The problem:
Copy out the full listing exactly, omitting any picture it contains.

Data shown:
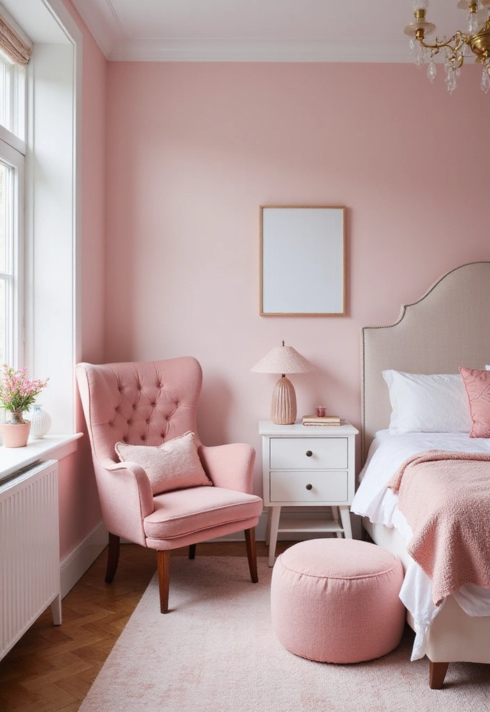 Consider adding a pink upholstered chair or a stylish pink ottoman to create comfortable seating.
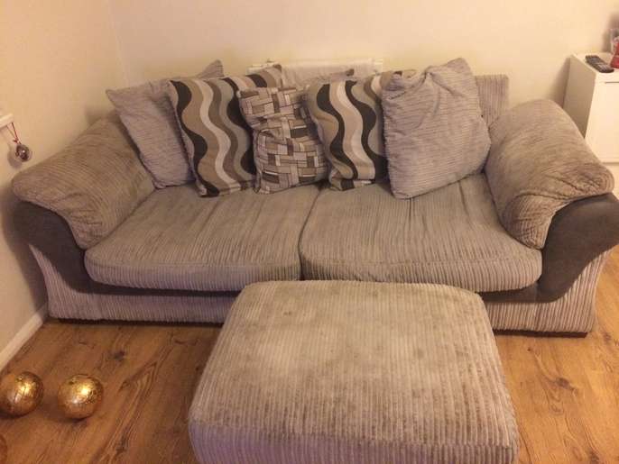 3 seater grey sofa, scatter back cushions and pouffe. Few marks but still a lovely sofa! Collection only need gone by tomorrow!
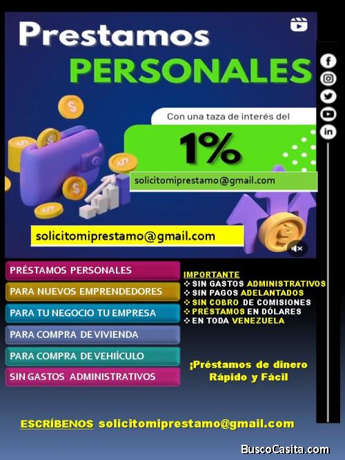 Comunícate con nosotros hoy mismo al correo electrónico solicitomiprestamogmail para obtener más información sobre nuestros préstamos personales en dólares y comienza el viaje hacia un futuro financiero más estable y próspero.
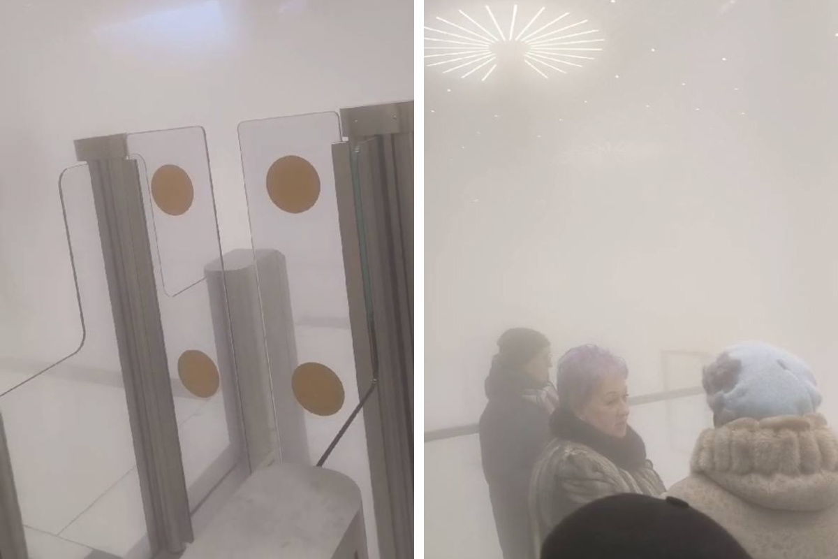 На кадрах видно, что терминал в дымке из-за пара, пассажиры около турникетов удивленно смотрят на происходящее и шутят, что они оказались в мультике «Ежик в тумане».

Result:
 Consider adding a pink upholstered chair or a stylish pink ottoman to create comfortable seating.
 3 seater grey sofa, scatter back cushions and pouffe. Few marks but still a lovely sofa! Collection only need gone by tomorrow!
 Comunícate con nosotros hoy mismo al correo electrónico solicitomiprestamogmail para obtener más información sobre nuestros préstamos personales en dólares y comienza el viaje hacia un futuro financiero más estable y próspero.
 На кадрах видно, что терминал в дымке из-за пара, пассажиры около турникетов удивленно смотрят на происходящее и шутят, что они оказались в мультике «Ежик в тумане».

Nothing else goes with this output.